Recorded data below:

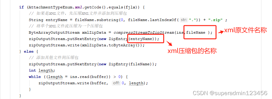 @GetMapping("/downloadMutiFileToZip") public void downloadMutiFileToZip(HttpServletResponse response, @RequestParam("qy_id") String qyId, @RequestParam("jxxlx") String jxxlx,@RequestParam("fp_ids") String[] fp_ids){ List<Map<String, Object>> fjList = daFjxxService.queryFjxxByQyIdAndJxxlx(qyId, jxxlx,fp_ids,null); //如果有附件 进行zip处理 if (fjList != null && fjList.size() > 0) { ByteArrayOutputStream zipData = new ByteArrayOutputStream(); try(ZipOutputStream zipOutputStream = new ZipOutputStream(zipData)){ for (Map<String, Object> fjMap : fjList) { String fileName = (String) fjMap.get("fjmc"); String filePath = (String) fjMap.get("fjlj"); String fjlx = fjMap.get("fjlx").toString(); String multiModeType = SpringUtils.getBean(ISysConfigService.class).selectConfigByKey("sys.upload.type"); //以下代码为获取附件inputStream InputStream ins = multiModeFileSimpleContext.getInputStream(response, fileName, filePath, multiModeType); if (ins == null) { continue; } byte[] buffer = new byte[1024]; if (AttachmentTypeEnum.xml.getCode().equals(fjlx)) { // 如果是XML文件,先压缩XML文件并添加到压缩包 String entryName = fileName.substring(0, fileName.lastIndexOf(".")) + ".zip" ; // 将单个XML文件流压缩为一个压缩包 ByteArrayOutputStream xmlZipData = compressStreamToZipStream(ins,fileName ); zipOutputStream.putNextEntry(new ZipEntry(entryName)); zipOutputStream.write(xmlZipData.toByteArray()); } else { // 添加其他文件到压缩包 zipOutputStream.putNextEntry(new ZipEntry(fileName)); int length; while ((length = ins.read(buffer)) > 0) { zipOutputStream.write(buffer, 0, length); } } zipOutputStream.closeEntry(); } // 生成压缩包的文件名称 SimpleDateFormat sdf = new SimpleDateFormat("yyyyMMddHHmmss"); String timestamp = sdf.format(new Date()); String zipFileName = "电子发票"+timestamp+".zip"; // 将压缩包返回给前端 sendZipDataToClient(zipData.toByteArray(), zipFileName,response); }catch(Exception e){ e.printStackTrace(); } } } /** * @description: 将单个文件流压缩为一个压缩包的方法 * @author * @date 2024/3/23 15:30 * @version 1.0 */ private static ByteArrayOutputStream compressStreamToZipStream(InputStream stream, String entryName) { ByteArrayOutputStream zipData = new ByteArrayOutputStream(); try (ZipOutputStream zipOutputStream = new ZipOutputStream(zipData)) { zipOutputStream.putNextEntry(new ZipEntry(entryName)); byte[] buffer = new byte[1024]; int length; while ((length = stream.read(buffer)) > 0) { zipOutputStream.write(buffer, 0, length); } zipOutputStream.closeEntry(); } catch (IOException e) { e.printStackTrace(); } return zipData; } /** * @description: 将压缩包数据发送给客户端的方法 * @author * @date 2024/3/23 15:20 * @version 1.0 */ private static void sendZipDataToClient(byte[] zipData, String zipFileName,HttpServletResponse response) { try { response.setContentType("application/octet-stream"); response.setHeader("Content-Disposition", "attachment;filename=" + URLEncoder.encode( zipFileName, "utf-8" )); try (OutputStream outputStream = response.getOutputStream()) { outputStream.write(zipData); outputStream.flush(); } } catch (IOException e) { e.printStackTrace(); } finally { if (response != null) { try { response.flushBuffer(); } catch (IOException e) { e.printStackTrace(); } } } }
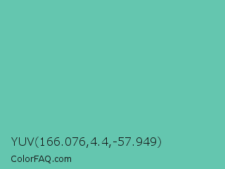 YUV 166.076,4.4,-57.949 Color is a normal cyan color and the nearest color is Tradewind #5fb3ac. Hex code #64c6af and RGB value is rgb(100,198,175). In RGB color space, this color is composed of 39% red, 78% green, 69% blue, In CMYK color space, this color is composed of 49% cyan, 0% magenta, 12% yellow , 22% black , In HSL color space, this color has a hue angle of 166° , 46% saturation and 58% lightness.
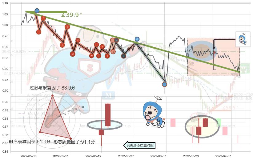 从2021-07-07至2022-03-25,共包含155个交易日,阶段股价下跌-11.34%,阶段股价变动位移路程比: 1 : 17,下跌趋势角度: 39.9
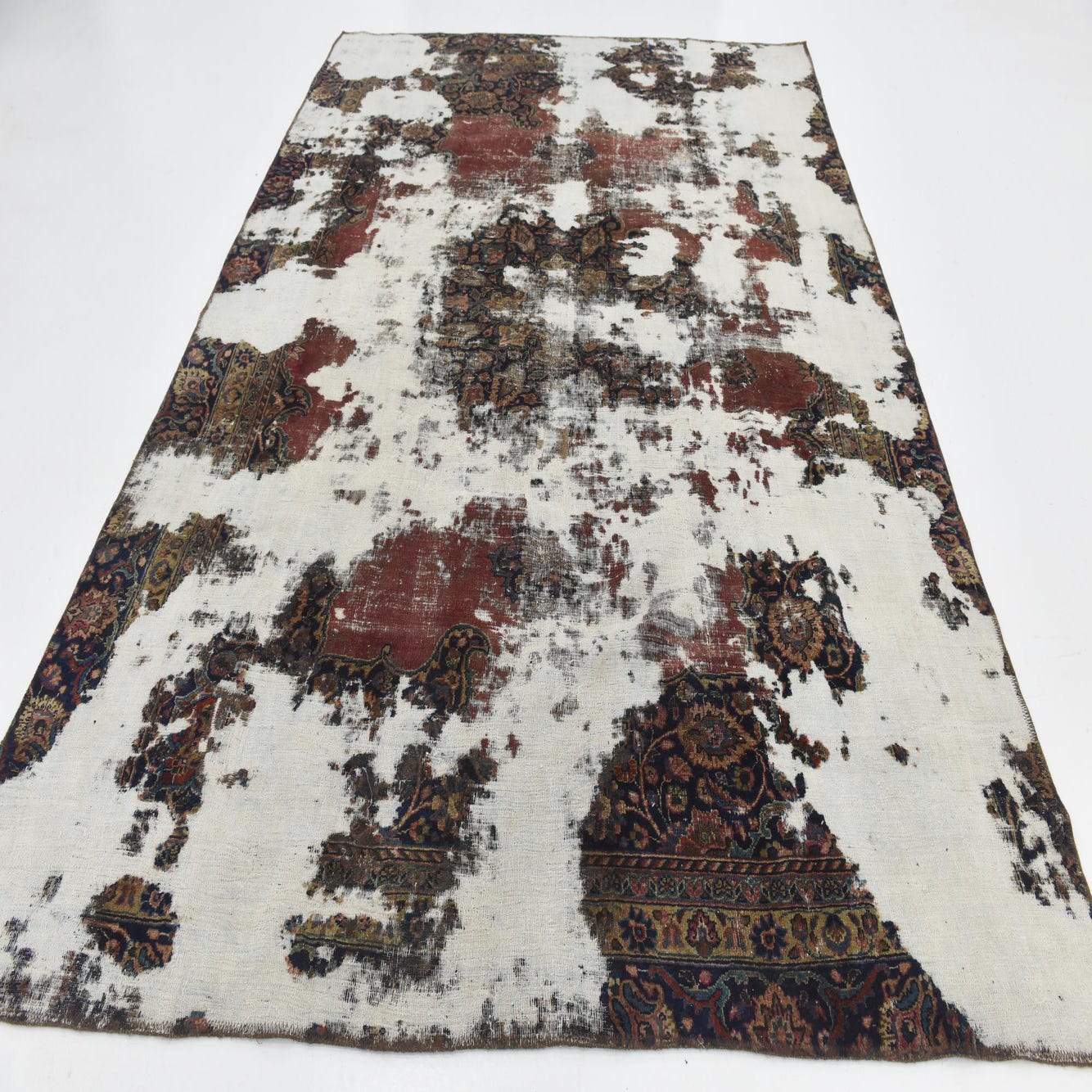 This Persian Ultra Vintage rug is an antique Persian Rug that has been washed, over-dyed, and then shaved down to a low pile. Look at the detail pictures to fully appreciate the uniqueness of this piece.

End of Recorded data.

> **Task brief**
Line by line, return the listing above exactly, dropping every picture.

> **Answer space**
 @GetMapping("/downloadMutiFileToZip") public void downloadMutiFileToZip(HttpServletResponse response, @RequestParam("qy_id") String qyId, @RequestParam("jxxlx") String jxxlx,@RequestParam("fp_ids") String[] fp_ids){ List<Map<String, Object>> fjList = daFjxxService.queryFjxxByQyIdAndJxxlx(qyId, jxxlx,fp_ids,null); //如果有附件 进行zip处理 if (fjList != null && fjList.size() > 0) { ByteArrayOutputStream zipData = new ByteArrayOutputStream(); try(ZipOutputStream zipOutputStream = new ZipOutputStream(zipData)){ for (Map<String, Object> fjMap : fjList) { String fileName = (String) fjMap.get("fjmc"); String filePath = (String) fjMap.get("fjlj"); String fjlx = fjMap.get("fjlx").toString(); String multiModeType = SpringUtils.getBean(ISysConfigService.class).selectConfigByKey("sys.upload.type"); //以下代码为获取附件inputStream InputStream ins = multiModeFileSimpleContext.getInputStream(response, fileName, filePath, multiModeType); if (ins == null) { continue; } byte[] buffer = new byte[1024]; if (AttachmentTypeEnum.xml.getCode().equals(fjlx)) { // 如果是XML文件,先压缩XML文件并添加到压缩包 String entryName = fileName.substring(0, fileName.lastIndexOf(".")) + ".zip" ; // 将单个XML文件流压缩为一个压缩包 ByteArrayOutputStream xmlZipData = compressStreamToZipStream(ins,fileName ); zipOutputStream.putNextEntry(new ZipEntry(entryName)); zipOutputStream.write(xmlZipData.toByteArray()); } else { // 添加其他文件到压缩包 zipOutputStream.putNextEntry(new ZipEntry(fileName)); int length; while ((length = ins.read(buffer)) > 0) { zipOutputStream.write(buffer, 0, length); } } zipOutputStream.closeEntry(); } // 生成压缩包的文件名称 SimpleDateFormat sdf = new SimpleDateFormat("yyyyMMddHHmmss"); String timestamp = sdf.format(new Date()); String zipFileName = "电子发票"+timestamp+".zip"; // 将压缩包返回给前端 sendZipDataToClient(zipData.toByteArray(), zipFileName,response); }catch(Exception e){ e.printStackTrace(); } } } /** * @description: 将单个文件流压缩为一个压缩包的方法 * @author * @date 2024/3/23 15:30 * @version 1.0 */ private static ByteArrayOutputStream compressStreamToZipStream(InputStream stream, String entryName) { ByteArrayOutputStream zipData = new ByteArrayOutputStream(); try (ZipOutputStream zipOutputStream = new ZipOutputStream(zipData)) { zipOutputStream.putNextEntry(new ZipEntry(entryName)); byte[] buffer = new byte[1024]; int length; while ((length = stream.read(buffer)) > 0) { zipOutputStream.write(buffer, 0, length); } zipOutputStream.closeEntry(); } catch (IOException e) { e.printStackTrace(); } return zipData; } /** * @description: 将压缩包数据发送给客户端的方法 * @author * @date 2024/3/23 15:20 * @version 1.0 */ private static void sendZipDataToClient(byte[] zipData, String zipFileName,HttpServletResponse response) { try { response.setContentType("application/octet-stream"); response.setHeader("Content-Disposition", "attachment;filename=" + URLEncoder.encode( zipFileName, "utf-8" )); try (OutputStream outputStream = response.getOutputStream()) { outputStream.write(zipData); outputStream.flush(); } } catch (IOException e) { e.printStackTrace(); } finally { if (response != null) { try { response.flushBuffer(); } catch (IOException e) { e.printStackTrace(); } } } }
 YUV 166.076,4.4,-57.949 Color is a normal cyan color and the nearest color is Tradewind #5fb3ac. Hex code #64c6af and RGB value is rgb(100,198,175). In RGB color space, this color is composed of 39% red, 78% green, 69% blue, In CMYK color space, this color is composed of 49% cyan, 0% magenta, 12% yellow , 22% black , In HSL color space, this color has a hue angle of 166° , 46% saturation and 58% lightness.
 从2021-07-07至2022-03-25,共包含155个交易日,阶段股价下跌-11.34%,阶段股价变动位移路程比: 1 : 17,下跌趋势角度: 39.9
 This Persian Ultra Vintage rug is an antique Persian Rug that has been washed, over-dyed, and then shaved down to a low pile. Look at the detail pictures to fully appreciate the uniqueness of this piece.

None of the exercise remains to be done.